> Dataset entries:
......

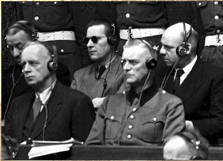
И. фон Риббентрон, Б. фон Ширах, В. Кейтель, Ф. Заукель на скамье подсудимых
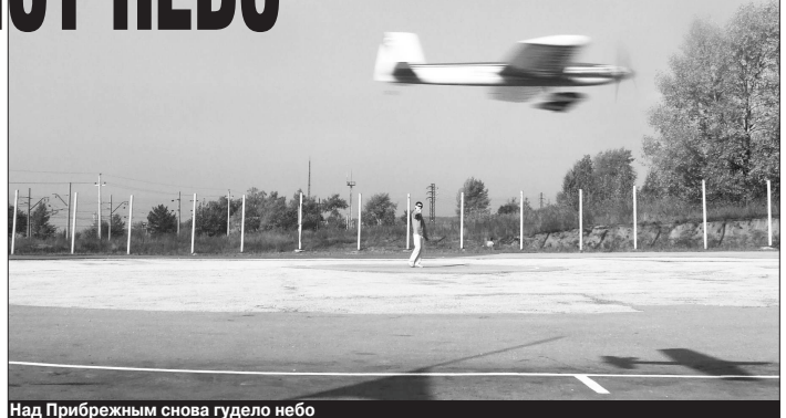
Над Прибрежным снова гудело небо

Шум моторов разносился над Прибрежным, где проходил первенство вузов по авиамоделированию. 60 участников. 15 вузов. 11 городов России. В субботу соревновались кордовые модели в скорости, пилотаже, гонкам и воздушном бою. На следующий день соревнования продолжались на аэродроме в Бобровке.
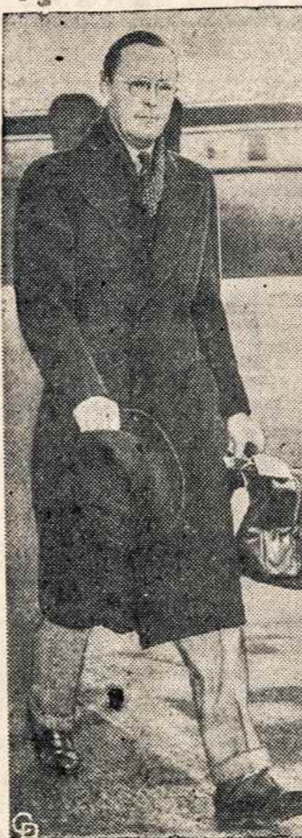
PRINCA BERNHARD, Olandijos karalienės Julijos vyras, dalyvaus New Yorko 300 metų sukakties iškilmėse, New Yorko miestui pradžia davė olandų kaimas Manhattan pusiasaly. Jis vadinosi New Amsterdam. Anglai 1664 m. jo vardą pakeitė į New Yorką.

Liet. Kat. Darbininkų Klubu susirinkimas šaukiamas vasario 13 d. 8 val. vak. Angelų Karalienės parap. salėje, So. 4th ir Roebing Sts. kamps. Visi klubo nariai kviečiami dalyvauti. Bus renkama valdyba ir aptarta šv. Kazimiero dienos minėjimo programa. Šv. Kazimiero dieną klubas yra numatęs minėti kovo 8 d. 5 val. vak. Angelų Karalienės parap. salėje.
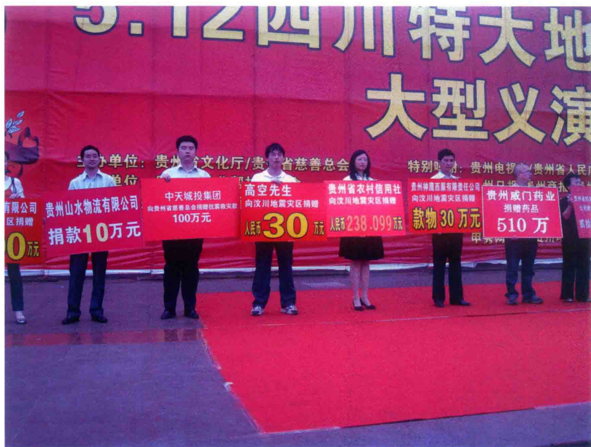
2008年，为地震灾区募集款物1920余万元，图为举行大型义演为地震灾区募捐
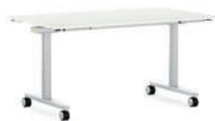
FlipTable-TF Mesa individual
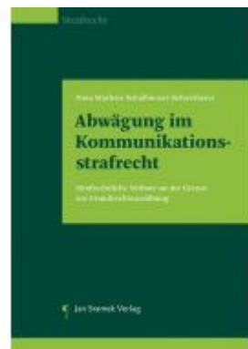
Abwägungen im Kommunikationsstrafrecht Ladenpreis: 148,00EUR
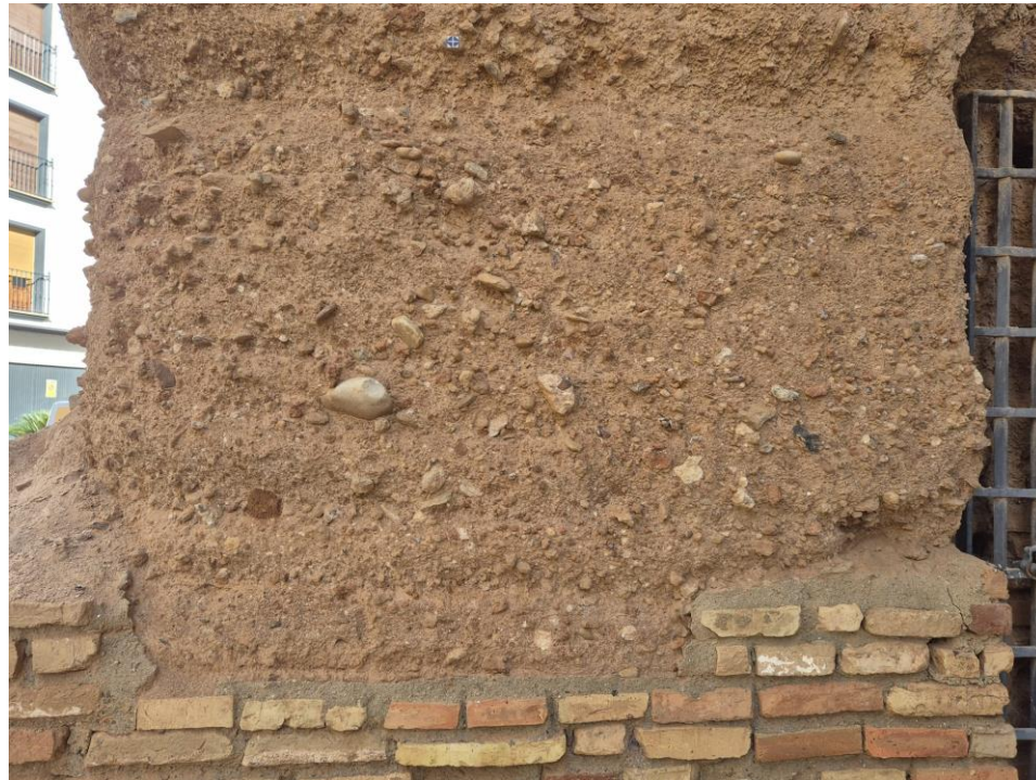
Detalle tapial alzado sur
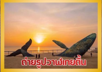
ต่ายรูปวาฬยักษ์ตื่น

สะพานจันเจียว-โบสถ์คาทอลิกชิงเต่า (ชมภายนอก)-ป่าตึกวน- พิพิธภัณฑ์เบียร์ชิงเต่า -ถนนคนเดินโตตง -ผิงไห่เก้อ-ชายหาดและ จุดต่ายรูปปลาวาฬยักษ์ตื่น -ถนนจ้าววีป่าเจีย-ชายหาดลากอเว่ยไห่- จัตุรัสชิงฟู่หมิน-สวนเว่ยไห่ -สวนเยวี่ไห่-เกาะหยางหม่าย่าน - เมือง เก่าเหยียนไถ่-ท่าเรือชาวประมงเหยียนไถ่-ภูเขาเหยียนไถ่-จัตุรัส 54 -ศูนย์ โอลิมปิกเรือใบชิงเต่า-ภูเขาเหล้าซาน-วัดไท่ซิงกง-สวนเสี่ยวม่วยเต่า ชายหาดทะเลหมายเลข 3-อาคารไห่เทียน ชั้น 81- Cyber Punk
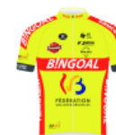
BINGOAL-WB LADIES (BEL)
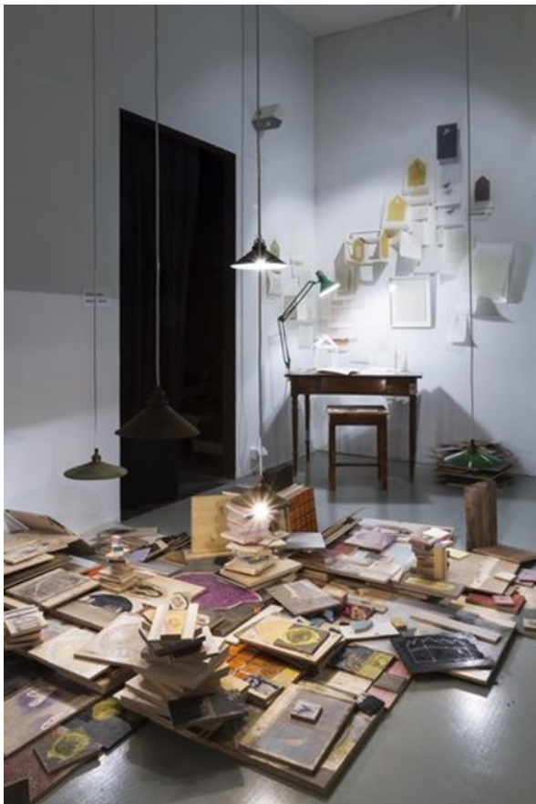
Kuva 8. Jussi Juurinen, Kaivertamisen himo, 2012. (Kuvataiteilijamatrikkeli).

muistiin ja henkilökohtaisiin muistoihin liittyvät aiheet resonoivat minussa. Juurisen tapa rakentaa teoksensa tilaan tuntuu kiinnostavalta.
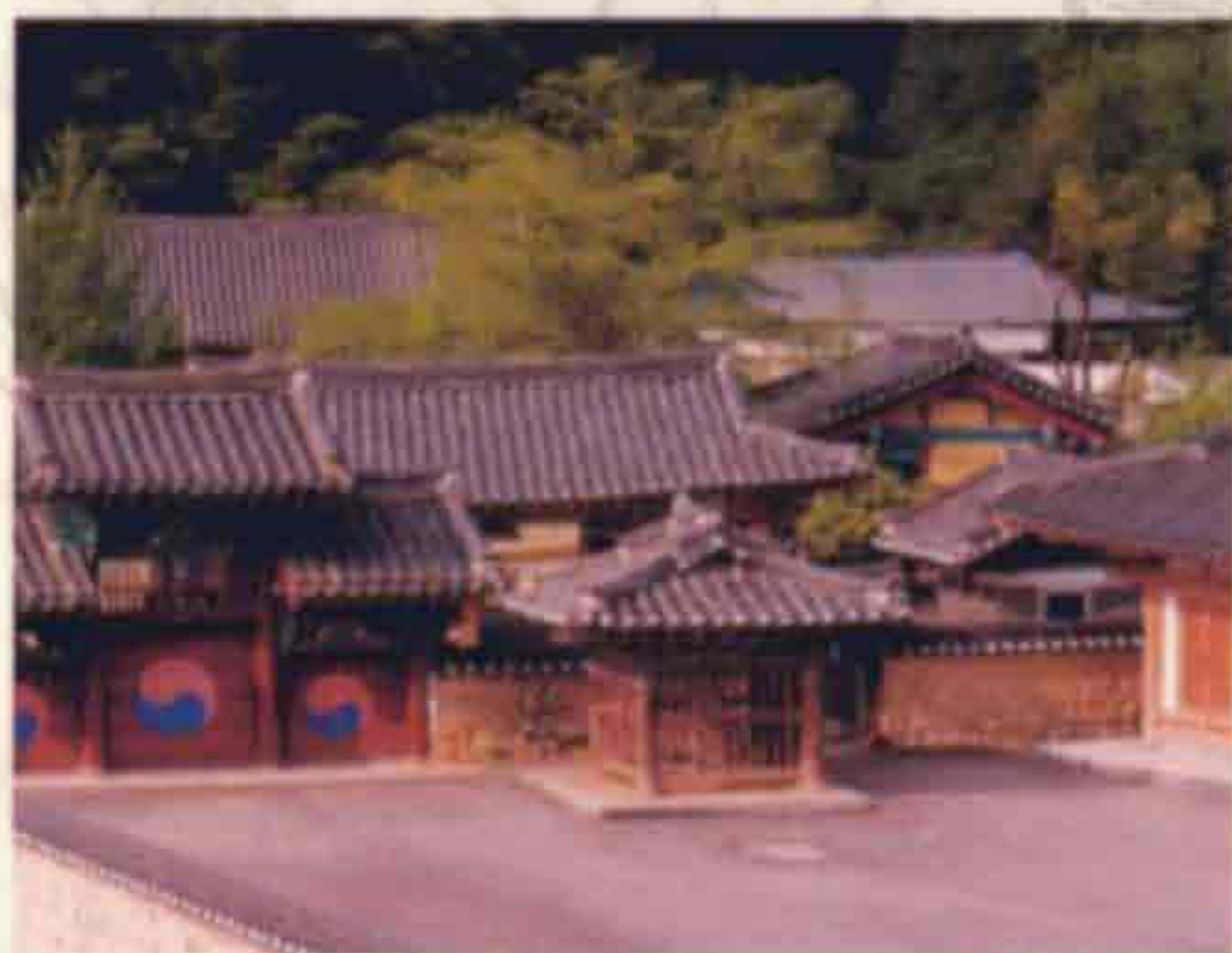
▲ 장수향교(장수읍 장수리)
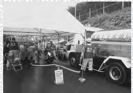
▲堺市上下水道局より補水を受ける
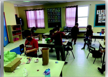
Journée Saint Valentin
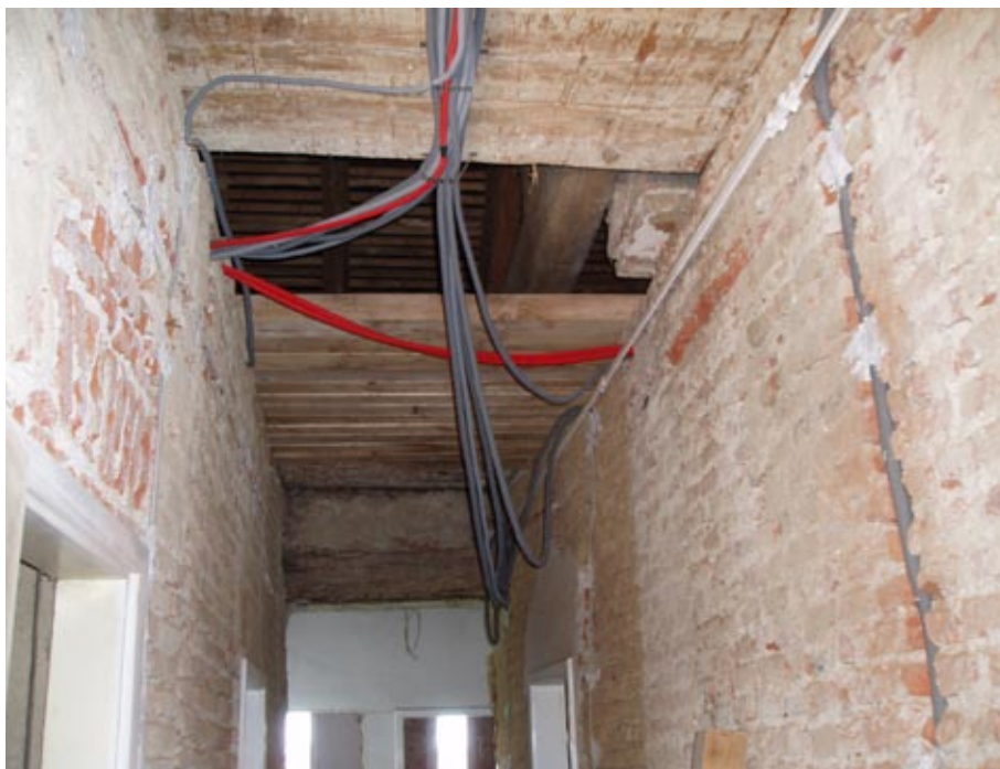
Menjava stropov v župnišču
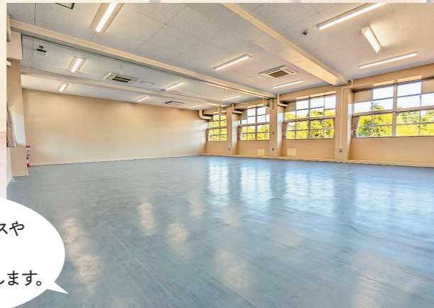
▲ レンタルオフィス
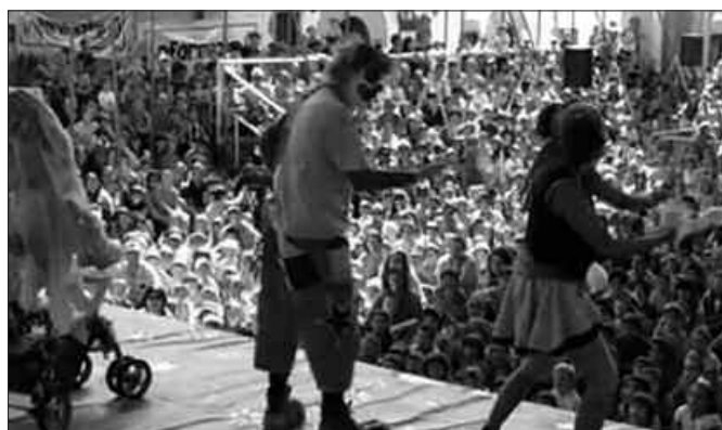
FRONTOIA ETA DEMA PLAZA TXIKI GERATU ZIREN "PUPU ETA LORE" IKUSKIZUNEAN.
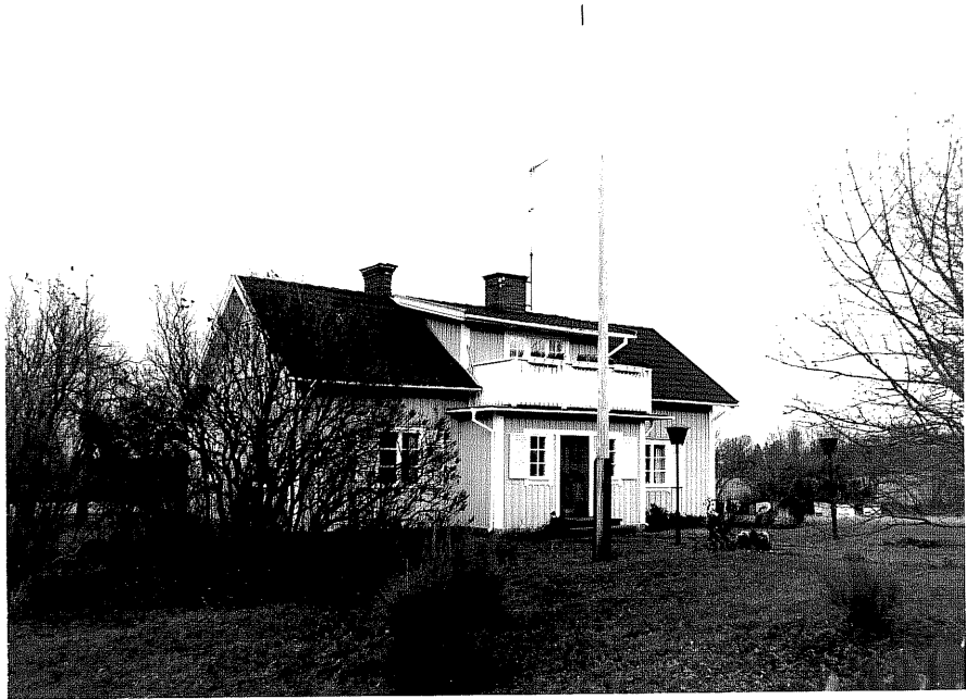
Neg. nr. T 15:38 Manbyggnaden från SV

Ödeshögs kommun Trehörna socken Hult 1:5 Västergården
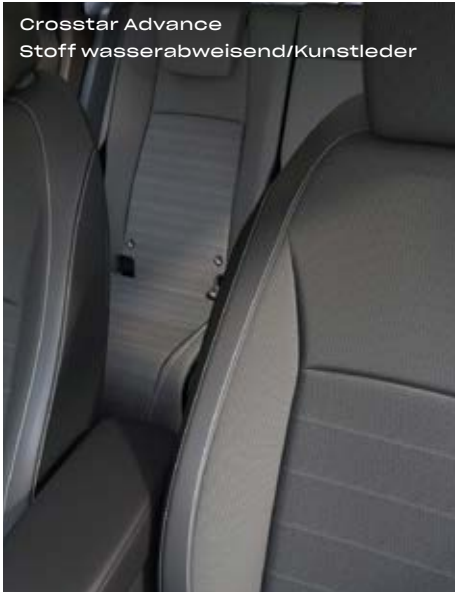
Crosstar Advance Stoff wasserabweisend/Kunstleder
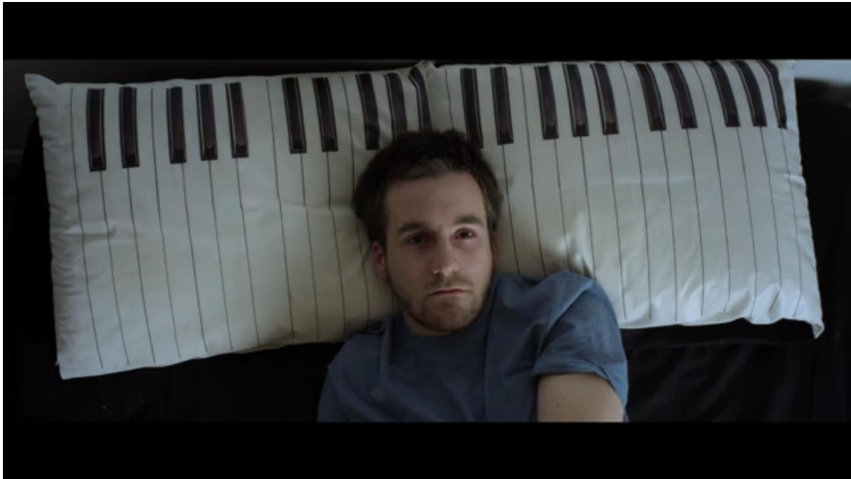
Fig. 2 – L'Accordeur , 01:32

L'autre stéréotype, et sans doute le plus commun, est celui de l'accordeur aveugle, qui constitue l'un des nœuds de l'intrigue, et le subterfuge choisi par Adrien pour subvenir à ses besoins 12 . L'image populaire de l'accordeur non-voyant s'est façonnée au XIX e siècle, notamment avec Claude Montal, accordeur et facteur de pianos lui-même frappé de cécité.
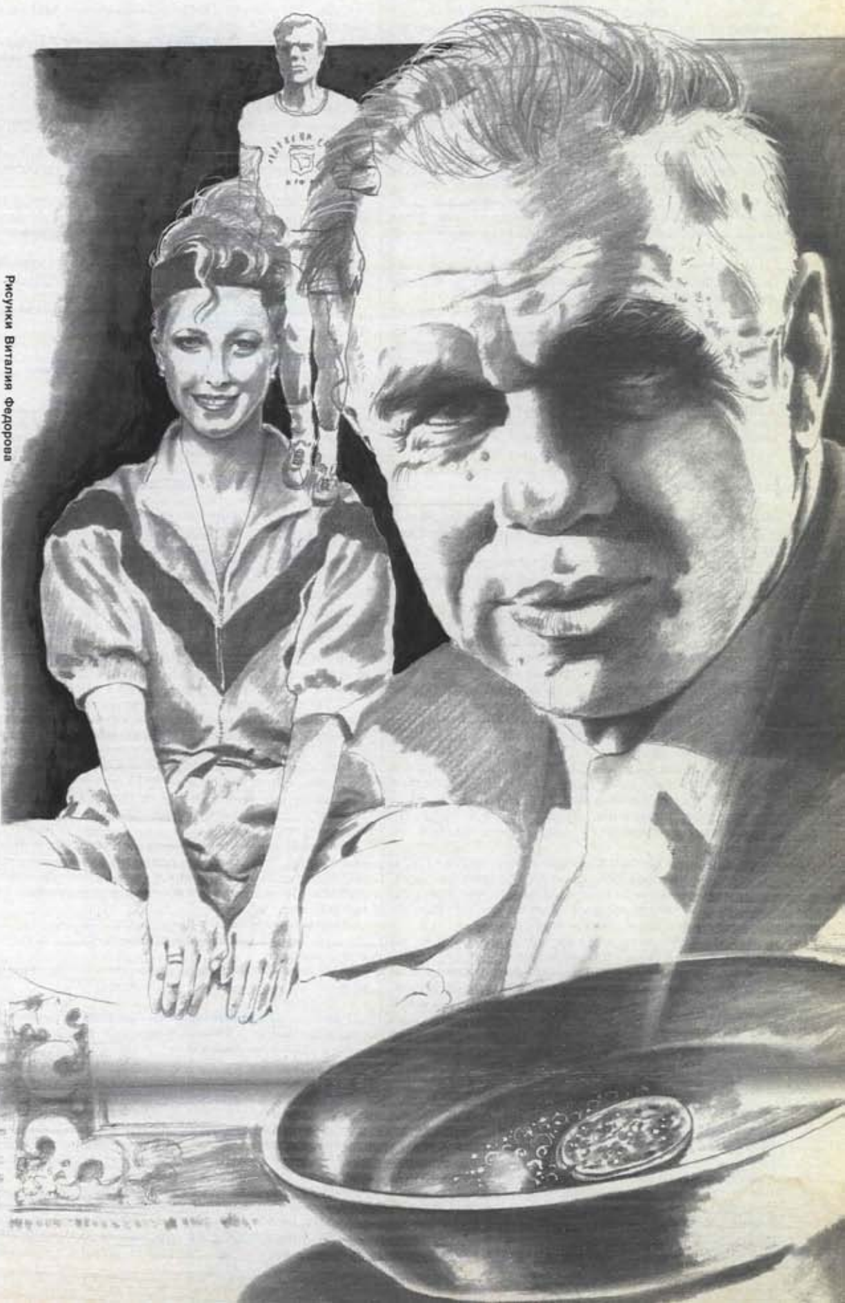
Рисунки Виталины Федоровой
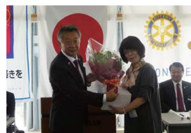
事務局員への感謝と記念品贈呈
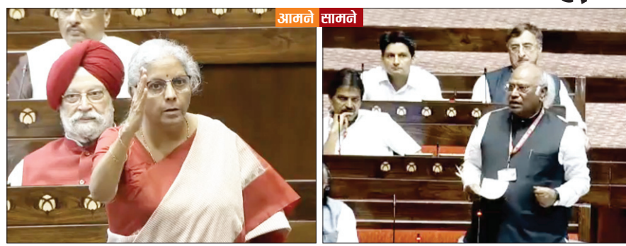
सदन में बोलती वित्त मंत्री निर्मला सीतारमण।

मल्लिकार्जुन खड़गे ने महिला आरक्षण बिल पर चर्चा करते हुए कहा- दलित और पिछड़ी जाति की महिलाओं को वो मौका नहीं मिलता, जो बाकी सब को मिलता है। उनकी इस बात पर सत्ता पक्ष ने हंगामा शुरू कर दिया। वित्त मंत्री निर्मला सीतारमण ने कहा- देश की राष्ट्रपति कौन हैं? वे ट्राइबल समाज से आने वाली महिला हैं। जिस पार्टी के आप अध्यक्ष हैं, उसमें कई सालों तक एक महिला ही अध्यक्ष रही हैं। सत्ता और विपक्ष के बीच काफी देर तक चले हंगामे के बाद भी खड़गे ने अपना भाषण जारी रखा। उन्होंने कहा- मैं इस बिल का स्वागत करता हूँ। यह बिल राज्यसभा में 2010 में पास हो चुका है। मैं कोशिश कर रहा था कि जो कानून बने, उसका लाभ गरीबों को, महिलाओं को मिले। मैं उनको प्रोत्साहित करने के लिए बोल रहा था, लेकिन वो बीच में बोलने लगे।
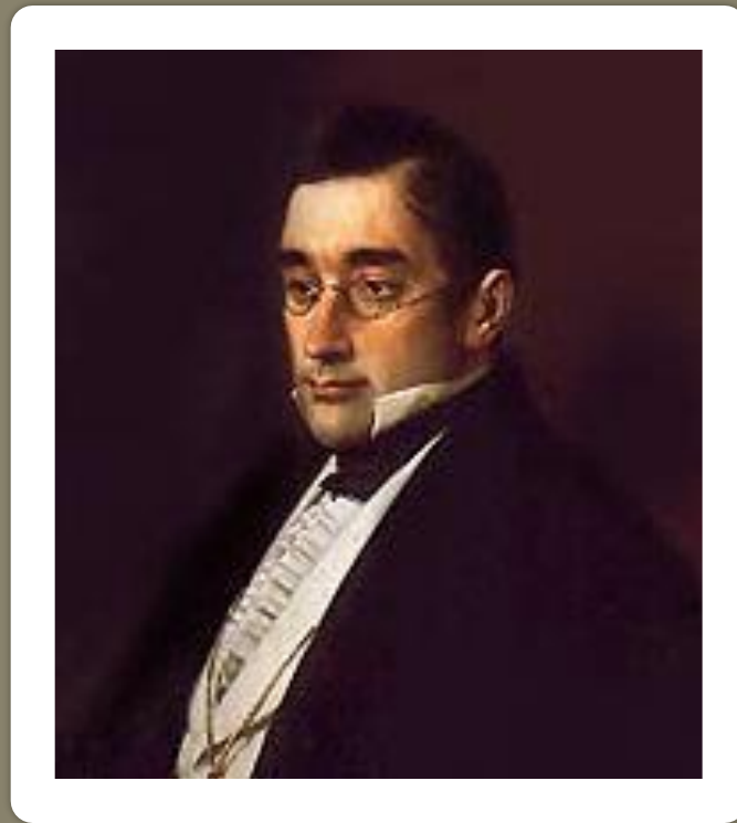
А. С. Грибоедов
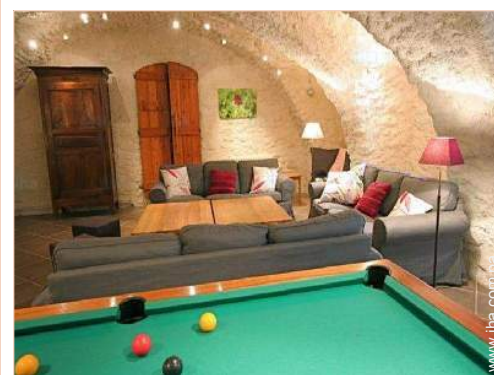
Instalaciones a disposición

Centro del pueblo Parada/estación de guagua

......

> About this exercise:
If a line in the records above holds the string "Прибрежным", copy it.

> Your response:
Над Прибрежным снова гудело небо
Шум моторов разносился над Прибрежным, где проходил первенство вузов по авиамоделированию. 60 участников. 15 вузов. 11 городов России. В субботу соревновались кордовые модели в скорости, пилотаже, гонкам и воздушном бою. На следующий день соревнования продолжались на аэродроме в Бобровке.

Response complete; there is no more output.